As mentioned above, Byrd’s Mass for five voices was probably the last of the three settings he saw published between 1592 and 1595. During this time he moved away from the capital, and perhaps composed this music to be sung, at great personal risk, by small gatherings of recusants in domestic chapels. To aid concealment, even the printing style of Thomas East’s publication of the three Masses was deliberately covert, with the collection appearing in undated editions and without title pages.
The Kyrie is short, becoming less melismatic and more conversational as it develops, and thereby implying a certain urgency of tone and communication. Throughout the Mass, movements begin with a similar opening motif before heading in their own direction. In the Gloria, a trio delivers this melodic gambit before the full five-part texture arrives. Byrd constantly varies the number of voices, a technique which gives the work a chamber-like intricacy and closeness. This also emphasizes his use of the full consort at new sections, such as ‘Gratias agimus tibi’ (track 5, 0'56) or ‘Quoniam tu solus sanctus’ (track 6, 1'45). Take the full arrival at the local major towards the end of ‘Jesu Christe’ (track 5, 1'49), followed by the sparser ‘Domine Deus’, delivered with an unprepared shift in tonality and pressing suspensions: harmonic and textural contrast are here employed to striking effect. A particularly joyful moment is the upward ascent to ‘altissimus’ (track 6, 2'00), which then cascades downwards as if imitating a great arch or vaulting—Byrd can’t resist a nod to works such as Vigilate, which take on the almost madrigalian challenge of bringing the words to life through music.
Yet one might feel that the overall picture is more restrained and less florid than contemporaneous European settings; opulence is traded for a directness of communication. This is felt most keenly in the Credo, written in such a way as to suggest a group in conversation rather than one celebrating the core doctrine of its religion through music. While emphasis is placed on ‘de Deo vero’ (track 9, 1'28) and ‘Et unam sanctam catholicam’ (track 11, 1'24) by elongating the phrases with glorious melismas, the piece comes alive most when the chatty, informal nature of the syllabic vocal writing combines with harmonic mastery to create a crescendo of colour; listen to the propulsive ‘cum gloria’ entries (track 10, 2'42) which whip up and enliven the tutti ‘vivos et mortuos’ that follows.
I remember singing the Sanctus and Benedictus as a treble at my parish church in Bristol. While I didn’t really understand what I was singing or why, I remember being struck by the awesome beauty of these two movements: the way the Sanctus stretches towards the heavens in its opening shapes, expanding and constantly evolving; listening to the ‘back row’ gear themselves up for the long, scalic phrases at ‘gloria tua’ (track 15, 0'12); quietly cheering on whomever was chosen to sing the beginning of the Benedictus as a solo; and revelling in the fact we got to sing the joyful ‘Osanna’ not once but twice.
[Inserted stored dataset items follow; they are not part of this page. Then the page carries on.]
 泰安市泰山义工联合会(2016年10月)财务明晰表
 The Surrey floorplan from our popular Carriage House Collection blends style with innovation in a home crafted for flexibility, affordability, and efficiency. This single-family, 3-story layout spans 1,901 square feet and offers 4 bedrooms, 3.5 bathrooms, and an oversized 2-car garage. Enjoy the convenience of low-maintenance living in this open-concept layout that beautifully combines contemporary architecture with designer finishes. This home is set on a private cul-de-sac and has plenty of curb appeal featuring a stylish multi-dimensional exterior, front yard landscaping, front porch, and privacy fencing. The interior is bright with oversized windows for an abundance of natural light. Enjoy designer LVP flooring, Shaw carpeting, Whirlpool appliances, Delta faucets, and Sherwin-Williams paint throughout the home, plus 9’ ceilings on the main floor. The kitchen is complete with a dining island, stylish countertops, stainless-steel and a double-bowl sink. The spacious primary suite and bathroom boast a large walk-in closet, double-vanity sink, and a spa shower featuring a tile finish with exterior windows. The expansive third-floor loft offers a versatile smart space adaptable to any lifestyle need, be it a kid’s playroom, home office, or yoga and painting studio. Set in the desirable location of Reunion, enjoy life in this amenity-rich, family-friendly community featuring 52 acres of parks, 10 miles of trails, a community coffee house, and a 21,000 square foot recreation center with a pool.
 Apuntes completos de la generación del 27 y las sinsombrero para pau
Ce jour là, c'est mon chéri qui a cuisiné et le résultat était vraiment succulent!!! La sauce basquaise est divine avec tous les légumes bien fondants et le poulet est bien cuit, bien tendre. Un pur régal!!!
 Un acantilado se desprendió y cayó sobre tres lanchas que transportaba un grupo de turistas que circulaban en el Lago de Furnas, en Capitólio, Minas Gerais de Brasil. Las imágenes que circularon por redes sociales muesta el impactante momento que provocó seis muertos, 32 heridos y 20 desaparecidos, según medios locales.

Later, I wrote a musical reflection on these two movements called Upheld by stillness, which remains one of the compositions I feel most attached to.
The way in which the vocal forces gradually expand in the Agnus Dei recalls the petitioning clauses found in motets that Byrd contributed to the 1575 Cantiones sacrae. First three, then four, and finally all five voices are brought together through the textual repetition. The movement is a beautiful conclusion to the work, providing both a summary of the music heard elsewhere in the Mass, and wonderful invention at the closing statements of ‘dona nobis pacem’.
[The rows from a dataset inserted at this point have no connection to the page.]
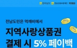 전남 전향윤 기자2024. 05.13[뉴스맘]전남 공공배달앱 ‘먹깨비’에서 13일부터 지역사랑상품권 결제 시 5% 페이백 이벤트를 시작했다. 전라남도는 소상공인의 수수료 부담 완화와 지역경제 활성화를 위해 공공배달앱 먹깨비와 상생배달앱 땡겨요를 운영 중이다. 공공배달앱 먹깨비는 지난 3월부터 소비자 첫 주문 5천 원 할인쿠폰 및 더블할인쿠폰, 우수·신규 가맹점 및 공짜배달 가맹점 대상 20만 원 상당의 지원금 프로모션을 시행하고 있다. 페이백 이벤트는 먹깨비에서 지역사랑상품권으로 주문을 완료한 고객에게 최대 5%(2천 원 한도) 먹깨비 포인트를 페이백으로 선착순…
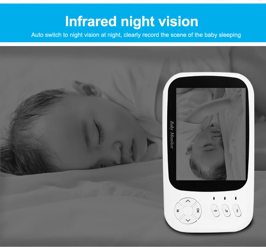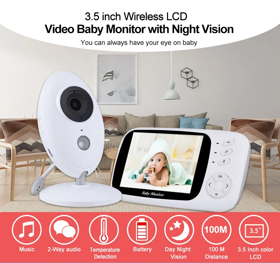 Беспроводная передача данных Портативный блок легко взять его 3,5 "Широкий ЖК-монитор Двустороннее аудио Встроенный conforting музыка С датчиком температуры
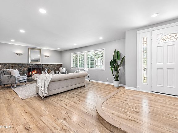 Calabasas charmer with large lot and brand-new designer kitchen.  Located on a peaceful street in Saratoga Hills, this lovely home features a remodeled interior and a huge, beautifully landscaped backyard.  The home is freshly painted throughout, with newer hard flooring downstairs and fresh new carpet upstairs.  The newly remodeled kitchen is breathtaking, with quartz counters, upscale stainless appliances (including  refrigerator), lots of cupboard space, a bay window, and a walk-in pantry.  The downstairs area also includes a large family room with fireplace and overhead lighting, a living room, a dining area, a sizeable bedroom with an adjacent remodeled full bathroom, and a laundry room with washer/dryer included.  The upstairs has three bedrooms, including a master with walk-in closet, and a remodeled bath with separate soaking tub and large shower.  The private backyard offers a pool and patio, and a large grassy area with lovely trees.  The home also includes a three-car garage, a newer roof, a newly painted exterior, and central AC.  The home is convenient to the freeway, shopping areas, and award-winning Las Virgenes schools.
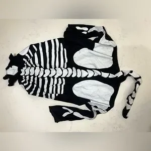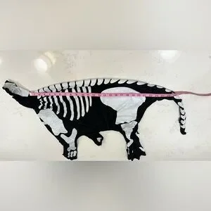 Transform your pet into a spooky skeleton with this fun Halloween costume. The black and white design is perfect for festive occasions.
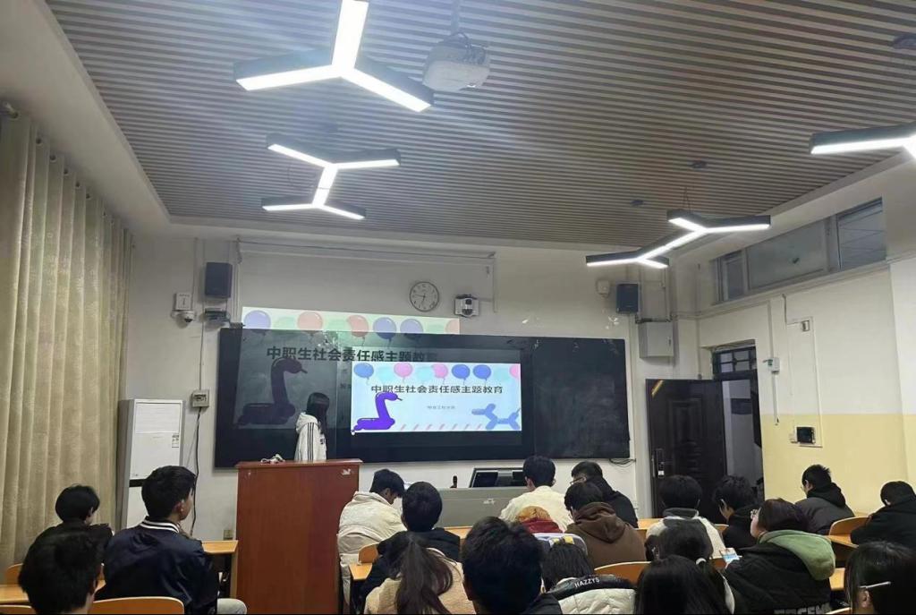 主题班会上,辅导员老师通过PPT的展示,明确大学生的社会责任,就如何结合自身学习和生活践行并提高自己的社会责任意识和能力等问题进行总结,并鼓励同学们要认真规划自己的大学生生活,树立崇高理想,努力提升自己的人生价值。

Tristitia et anxietas, from Byrd’s 1589 Cantiones sacrae, adapts words from the Book of Lamentations 5: 17. From the bold opening gesture, in which the voices intone repetitions of ‘Tristitia’, we feel almost stuck in time as the harmony struggles to move on. It’s a compelling setting, and the imitative counterpoint that Byrd employs at moments like ‘in dolore’ (track 7, 2'42) acts more like an intensifier than simply a repetitive tool. The overall structure is reminiscent of Afflicti, with the prima pars expressing sadness, despondency and despair, before the secunda pars (‘Sed tu Domine’, track 8) offers a more hopeful vision.
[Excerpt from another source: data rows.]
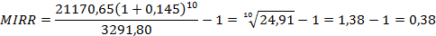 При этом должны соблюдаться следующие неравенства: ra <IRR< rb ; NPVa > 0 > NPVb . 0,2035 <0 ,2045 < 0,2055 26,98 >0> -24,72 Точность вычислений IRR зависит от интервала между ra иrb . Чем меньше длина интервала между минимальным и максимальным значениями ставки дисконта, когда функция меняет знак с «+» на «–» , тем точнее величина IRR . Модифицированная норма прибыли. Д анный показатель представляет собой коэффициент дисконтирования, уравнивающий приведенную стоимость оттоков денежных средств и наращенную величину притоков денежных средств, причем операции дисконтирования и наращения выполняются с использованием показателя стоимости капитала.
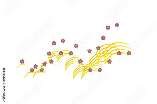 赤の梅の花と金の波型和風装飾線 グラフィック素材
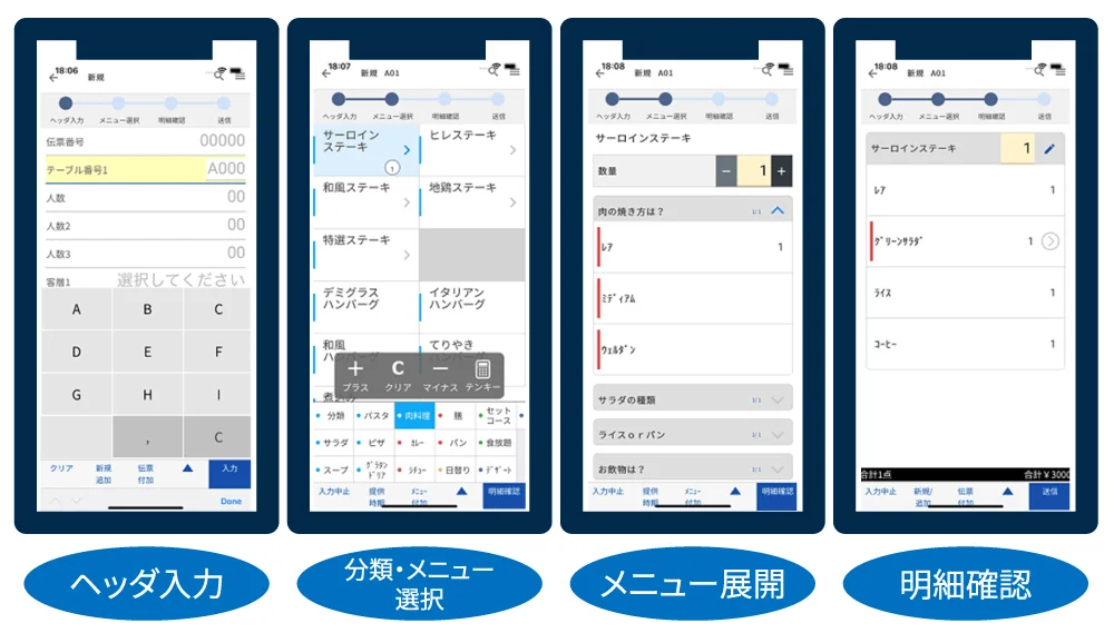レストラン/居酒屋/ホテル/フードコート/コース料理店などの各業態に1パッケージで対応可能です(簡易物販機能あり)。

The shortest motet we have included here, Byrd’s 1605 setting of the Ave Maria, is perhaps a little more doleful than might be expected from a work beginning ‘Hail Mary’. It almost feels as if the composer is holding a reverential ‘image’ at arm’s length, luring us to touch the painting behind the barrier, but allowing us only a fleeting glimpse. The closing ‘Alleluia’ (track 13) is particularly reserved, starting in the top voice as if gently suspended above.
Circumdederunt me (1591) is a much more expressive work, setting a text of the ‘gallows’ type mentioned earlier (Psalm 114: 3-4), and exhibits a turbulent harmonic landscape which circles back round to the same chords through ever more elaborate progressions. The imagery is more vivid: hear the drooping figure at ‘dolores mortis’ (‘The sorrows of death’, track 17, 0'26), and the pleading surges at ‘invocavi’ (3'00). Elsewhere, the text is set mostly syllabically, using repetition to energize and focus the narrative, such as at ‘O Domine’ (‘O Lord’, 3'30). In the somewhat strange, even anti-climactic ending, the music fades away, seemingly off into the distance, as if it were all a dream.
To conclude this album, we have chosen two of Byrd’s earlier works, contextualizing the Mass and later motets by a composer whose music pleased Elizabeth I, herself a music-lover and keyboardist who eschewed the more extreme facets of Puritanism. Emendemus in melius comes from the 1575 collection of Cantiones sacrae co-authored by Byrd and Tallis, and sets a Matins Responsory for Ash Wednesday. Here we perform in the bittersweet key of E flat minor (transposed down a major third from the original), giving a sense of warmth despite the harmonic tension. Byrd keeps the voices reciting largely together, with moments of divergence used to propel the text forwards. Unlike the personal plea for deliverance at the end of Circumdederunt me (‘libera animam meam’; ‘free my soul’), Emendemus culminates with repetitions of ‘libera nos’ (‘free us’), the plight extended to all those suffering persecution.
Continuing with the Lenten theme, we conclude with Byrd’s Lamentations, probably composed during his time at Lincoln in the 1560s. In writing this work, Byrd followed in the footsteps of a number of English composers who had set verses from the Lamentations of Jeremiah, thereby sustaining a tradition which showcased a little Elizabethan nostalgia for Catholicism. He would later return to the Lamentations texts to compose motets such as Tristitia. The present work oscillates between two musical moods: a florid, reverential style for the Hebrew letters (Heth, Teth and Jod), and a direct, conversational tone for the verses. The piece is bookended by longer opening and closing sections (‘De lamentatione’ and ‘Jerusalem, Jerusalem’)—two pillars which give the work an epic feeling. Piecing together the sources that survive in Oxford and Tenbury, we are left with an incomplete voice part (the tenor, or second voice up from the bottom) in three places: the opening statement, and at ‘Teth’ and ‘Jod’. It was an interesting experiment to reconstruct these missing notes; I aimed to follow Byrd’s example, adhering to stylistic conventions of the time, while occasionally providing moments of tension and colour.